Print out the data precisely as it appears here, with no pictures.

--------------------------------

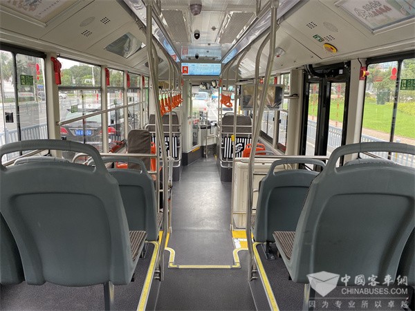 底盘方面,海格蔚蓝KLQ6856采用全承载车身结构,高强度钢车身骨架,可搭载行业领先独立悬架轮边驱动桥,电机功率密度及扭矩密度上大幅优于直驱电机。在智能化配置上,海格蔚蓝KLQ6856搭载了更为完备的主被动安全驾驶系统,全方位保护司乘人员安全。同时,车辆还标配了G-BOS智慧运营管理系统,通过能耗精准管理、不规范驾驶行为AI识别、远程控制、远程诊断等功能,能够在日常经营中帮助公交客运企业进行数字化赋能,降低运营成本。
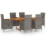 Δημιουργήστε μία εντυπωσιακή και συνεκτική διακόσμηση στον εξωτερικό χώρο σας με αυτό το σετ τραπεζαρίας κήπου! Η τραπεζαρία είναι στιβαρή και σταθερή λόγω της κατασκευής της από μασίφ ξύλο ακακίας. Η επιφάνεια με φινίρισμα λαδιού την καθιστά κατάλληλη για χρήση σε εξωτερικούς χώρους. Διαθέτοντας σκελετό από ατσάλι με επικάλυψη από ρατάν πολυαιθυλενίου με αντίσταση στα καιρικά φαινόμενα, οι καρέκλες τραπεζαρίας είναι στιβαρές και καθαρίζονται εύκολα. Τα μπράτσα διαθέτουν εντυπωσιακή κατασκευή από μασίφ ξύλο ακακίας, χαρίζοντας μία ρουστίκ πινελιά. Τραβώντας το κουμπί στο πλάι, μπορείτε να αναδιπλώσετε την πλάτη. Τα πλούσια επενδεδυμένα μαξιλάρια προσθέτουν επιπλέον άνεση όταν κάθεστε. Σημείωση: Προκειμένου να παραταθεί η διάρκεια ζωής των επίπλων εξωτερικού χώρου, σας συνιστούμε να τα καθαρίζετε τακτικά και να μην τα αφήνετε σε εξωτερικούς χώρους ασκόπως χωρίς προστασία.Καθαρισμός: Χρησιμοποιήστε ένα ήπιο διάλυμα σαπουνιού.Αποθήκευση: Εάν είναι δυνατόν, αποθηκεύστε σε δροσερό, ξηρό μέρος σε εσωτερικούς χώρους. Εάν το προϊόν είναι αποθηκευμένο σε εξωτερικούς χώρους, προστατέψτε το με αδιάβροχο κάλυμμα. Σκουπίστε και στεγνώστε το περισσευούμενο νερό ή χιόνι από επίπεδες επιφάνειες έπειτα από βροχή ή χιονόπτωση. Επιτρέψτε επαρκή κυκλοφορία αέρα για την αποφυγή των ζημιών που σχετίζονται με την υγρασία.Αίγινα, Πόρος, Ύδρα, Σπέτσες, Κρήτη, Χίος, Σάμος, Κυκλάδες Ρόδος και Δωδεκάνησα. Παρακαλούμε σημειώστε: δεν αποστέλλουμε στις αναφερόμενες τοποθεσίες. Δεν είναι δυνατή η επιπρόσθετη χρέωση για αποστολή σε αυτές τις τοποθεσίες.
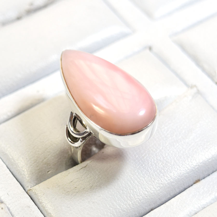 Bijou féminin en pierres précieuses naturelles opale rose, bague en argent pur, authentique, fait à la main
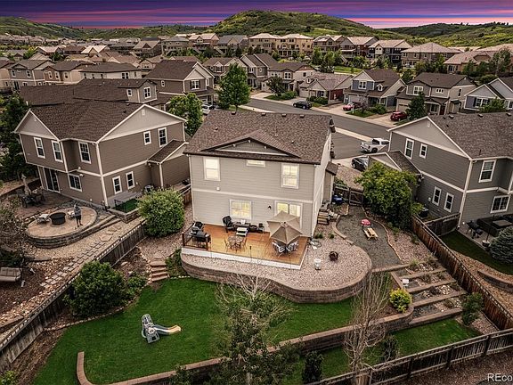 Welcome home to this updated two-story home on a large premium lot on a quiet cul-de-sac in The Meadows. This light and bright south-facing home boasts laminate hardwood floors, newer interior paint throughout and an open floorplan, ideal for entertaining. The inviting kitchen features ample cherry cabinetry, a stainless steel appliance package and breakfast bar. Step out the large glass slider to a spacious composite deck overlooking a tiered backyard with stone retaining walls, mature trees and raspberry bushes. Retreat to your upstairs primary suite, complete with a walk-in closet and ensuite 5-piece bath. Two secondary bedrooms and a full bath round out the upper floor. This home is ideally situated within walking distance to neighborhood Douglas County schools, multiple parks, outdoor pool, tennis courts & community clubhouse. Moments from downtown Castle Rock, shopping, dining and easy highway access, this home has it all. Do not miss your opportunity to tour 2082 Coach House Loop today! Click link below for video and 3d tour access.
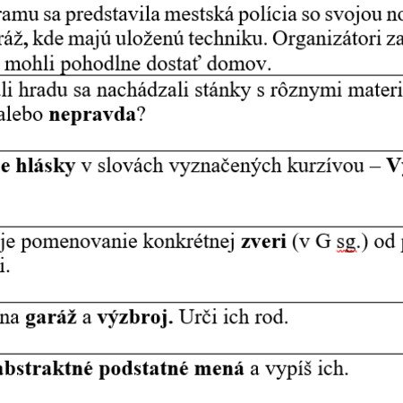 Pracovný list Podstatné mená je určený na precvičovanie učiva zo slovenského jazyka. Obsahuje ukážkový text, z ktorého vychádzajú rôznorodé úlohy: doplňovanie chýbajúcich hlások, určovanie rodu a vzorov podstatných mien, vyhľadávanie abstraktných, hromadných či pomnožných podstatných mien, tvorbu tvarov v pádoch a prácu so slovami cudzieho pôvodu. Súčasťou je aj otázka na porozumenie textu.
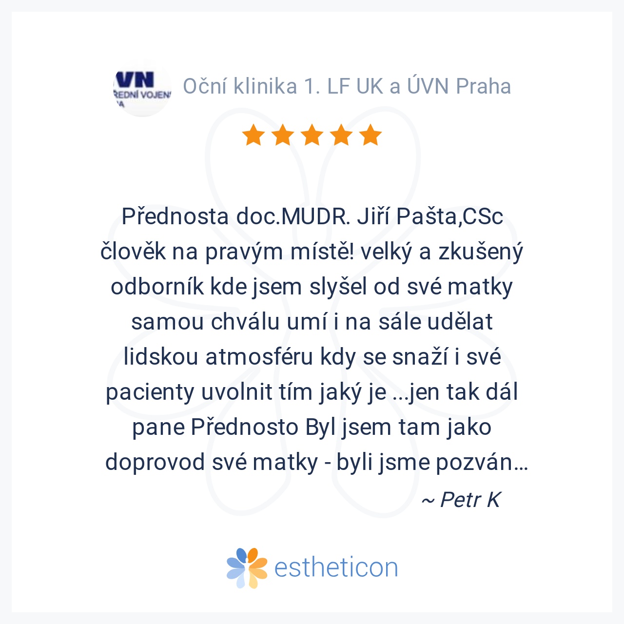 Přednosta doc.MUDR. Jiří Pašta,CSc člověk na pravým místě! velký a zkušený odborník kde jsem slyšel od své matky samou chválu umí i na sále udělat lidskou atmosféru kdy se snaží i své pacienty uvolnit tím jaký je ...jen ... Více
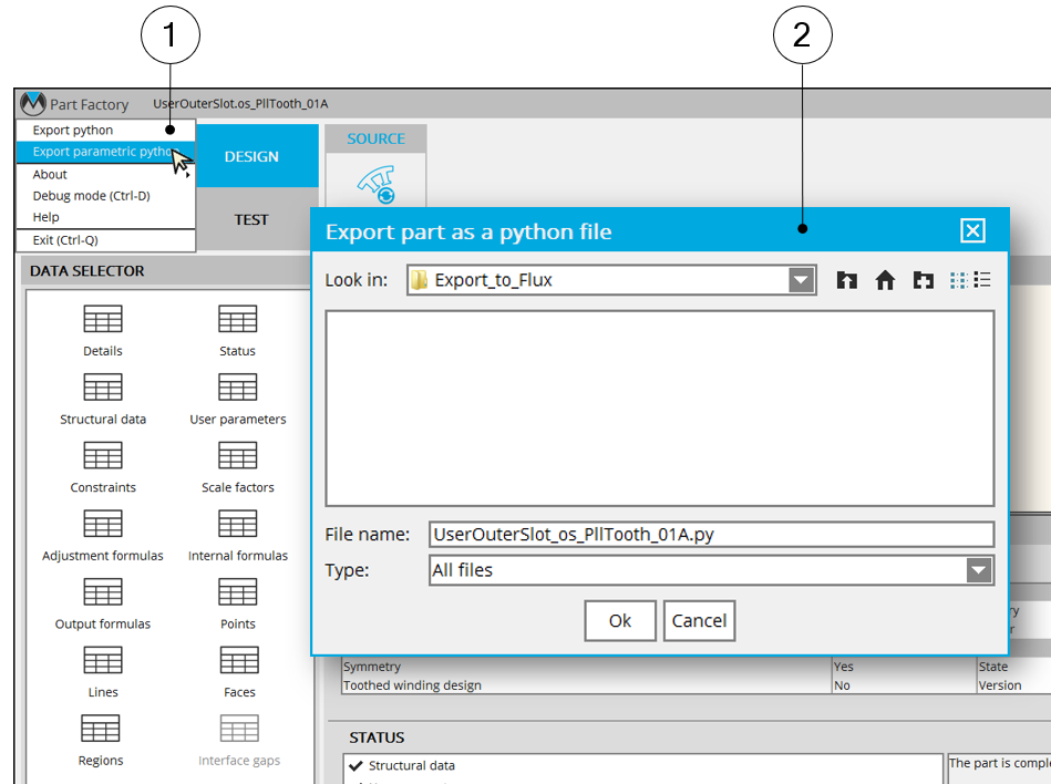 From Part Factory, it is possible to export a python file that allows the user to build the Flux® model of the considered part. To do that, Altair® FluxMotor® provides a python file that must be used in Flux® environment. To see the process, refer to the chapter dedicated to Flux® environment.
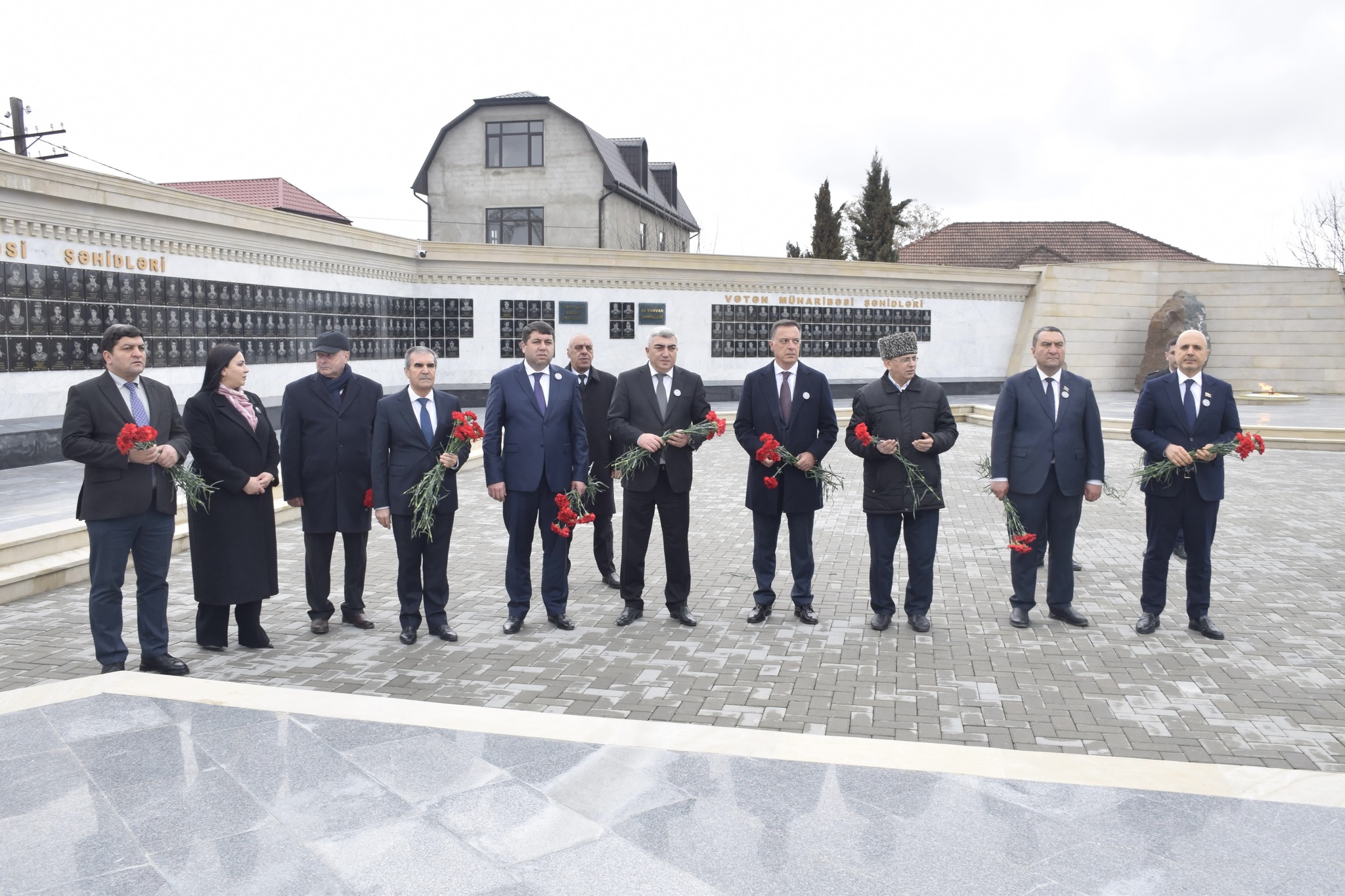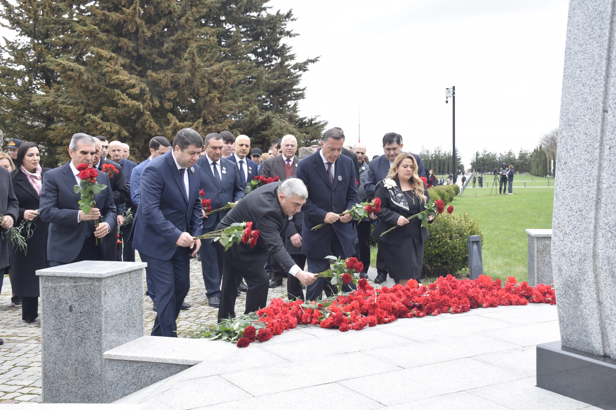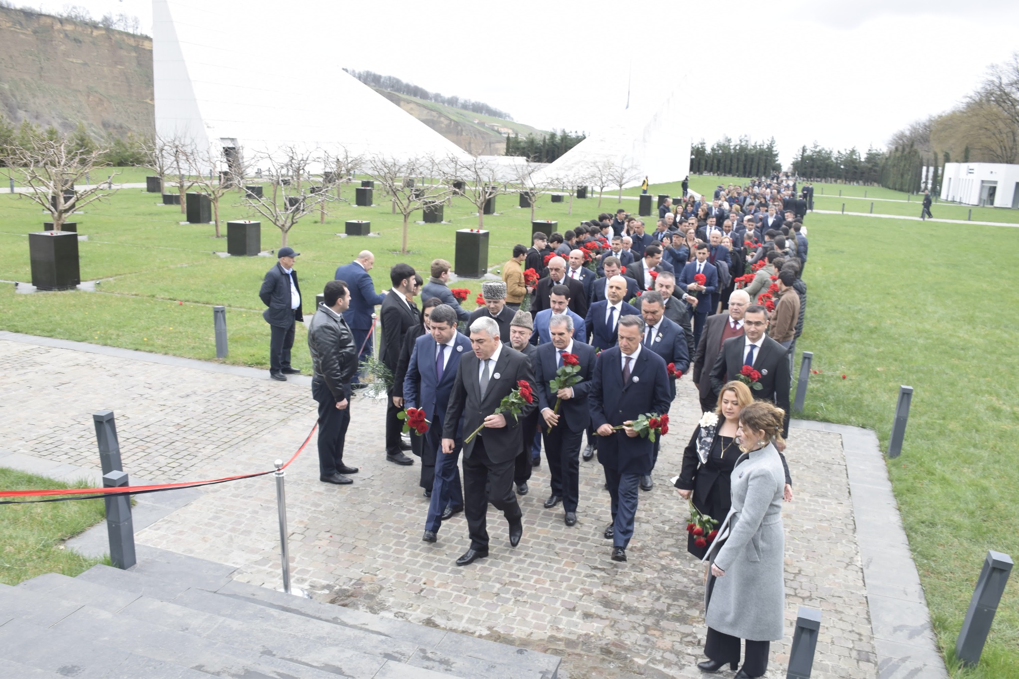 Ziyarət zamanı abidə önünə gül dəstələri düzülmüş, soyqırımı qurbanlarının əziz xatirəsi dərin ehtiramla yad edilmişdir.

--------------------------------

**Expected output**
 底盘方面,海格蔚蓝KLQ6856采用全承载车身结构,高强度钢车身骨架,可搭载行业领先独立悬架轮边驱动桥,电机功率密度及扭矩密度上大幅优于直驱电机。在智能化配置上,海格蔚蓝KLQ6856搭载了更为完备的主被动安全驾驶系统,全方位保护司乘人员安全。同时,车辆还标配了G-BOS智慧运营管理系统,通过能耗精准管理、不规范驾驶行为AI识别、远程控制、远程诊断等功能,能够在日常经营中帮助公交客运企业进行数字化赋能,降低运营成本。
 Δημιουργήστε μία εντυπωσιακή και συνεκτική διακόσμηση στον εξωτερικό χώρο σας με αυτό το σετ τραπεζαρίας κήπου! Η τραπεζαρία είναι στιβαρή και σταθερή λόγω της κατασκευής της από μασίφ ξύλο ακακίας. Η επιφάνεια με φινίρισμα λαδιού την καθιστά κατάλληλη για χρήση σε εξωτερικούς χώρους. Διαθέτοντας σκελετό από ατσάλι με επικάλυψη από ρατάν πολυαιθυλενίου με αντίσταση στα καιρικά φαινόμενα, οι καρέκλες τραπεζαρίας είναι στιβαρές και καθαρίζονται εύκολα. Τα μπράτσα διαθέτουν εντυπωσιακή κατασκευή από μασίφ ξύλο ακακίας, χαρίζοντας μία ρουστίκ πινελιά. Τραβώντας το κουμπί στο πλάι, μπορείτε να αναδιπλώσετε την πλάτη. Τα πλούσια επενδεδυμένα μαξιλάρια προσθέτουν επιπλέον άνεση όταν κάθεστε. Σημείωση: Προκειμένου να παραταθεί η διάρκεια ζωής των επίπλων εξωτερικού χώρου, σας συνιστούμε να τα καθαρίζετε τακτικά και να μην τα αφήνετε σε εξωτερικούς χώρους ασκόπως χωρίς προστασία.Καθαρισμός: Χρησιμοποιήστε ένα ήπιο διάλυμα σαπουνιού.Αποθήκευση: Εάν είναι δυνατόν, αποθηκεύστε σε δροσερό, ξηρό μέρος σε εσωτερικούς χώρους. Εάν το προϊόν είναι αποθηκευμένο σε εξωτερικούς χώρους, προστατέψτε το με αδιάβροχο κάλυμμα. Σκουπίστε και στεγνώστε το περισσευούμενο νερό ή χιόνι από επίπεδες επιφάνειες έπειτα από βροχή ή χιονόπτωση. Επιτρέψτε επαρκή κυκλοφορία αέρα για την αποφυγή των ζημιών που σχετίζονται με την υγρασία.Αίγινα, Πόρος, Ύδρα, Σπέτσες, Κρήτη, Χίος, Σάμος, Κυκλάδες Ρόδος και Δωδεκάνησα. Παρακαλούμε σημειώστε: δεν αποστέλλουμε στις αναφερόμενες τοποθεσίες. Δεν είναι δυνατή η επιπρόσθετη χρέωση για αποστολή σε αυτές τις τοποθεσίες.
 Bijou féminin en pierres précieuses naturelles opale rose, bague en argent pur, authentique, fait à la main
 Welcome home to this updated two-story home on a large premium lot on a quiet cul-de-sac in The Meadows. This light and bright south-facing home boasts laminate hardwood floors, newer interior paint throughout and an open floorplan, ideal for entertaining. The inviting kitchen features ample cherry cabinetry, a stainless steel appliance package and breakfast bar. Step out the large glass slider to a spacious composite deck overlooking a tiered backyard with stone retaining walls, mature trees and raspberry bushes. Retreat to your upstairs primary suite, complete with a walk-in closet and ensuite 5-piece bath. Two secondary bedrooms and a full bath round out the upper floor. This home is ideally situated within walking distance to neighborhood Douglas County schools, multiple parks, outdoor pool, tennis courts & community clubhouse. Moments from downtown Castle Rock, shopping, dining and easy highway access, this home has it all. Do not miss your opportunity to tour 2082 Coach House Loop today! Click link below for video and 3d tour access.
 Pracovný list Podstatné mená je určený na precvičovanie učiva zo slovenského jazyka. Obsahuje ukážkový text, z ktorého vychádzajú rôznorodé úlohy: doplňovanie chýbajúcich hlások, určovanie rodu a vzorov podstatných mien, vyhľadávanie abstraktných, hromadných či pomnožných podstatných mien, tvorbu tvarov v pádoch a prácu so slovami cudzieho pôvodu. Súčasťou je aj otázka na porozumenie textu.
 Přednosta doc.MUDR. Jiří Pašta,CSc člověk na pravým místě! velký a zkušený odborník kde jsem slyšel od své matky samou chválu umí i na sále udělat lidskou atmosféru kdy se snaží i své pacienty uvolnit tím jaký je ...jen ... Více
 From Part Factory, it is possible to export a python file that allows the user to build the Flux® model of the considered part. To do that, Altair® FluxMotor® provides a python file that must be used in Flux® environment. To see the process, refer to the chapter dedicated to Flux® environment.
 Ziyarət zamanı abidə önünə gül dəstələri düzülmüş, soyqırımı qurbanlarının əziz xatirəsi dərin ehtiramla yad edilmişdir.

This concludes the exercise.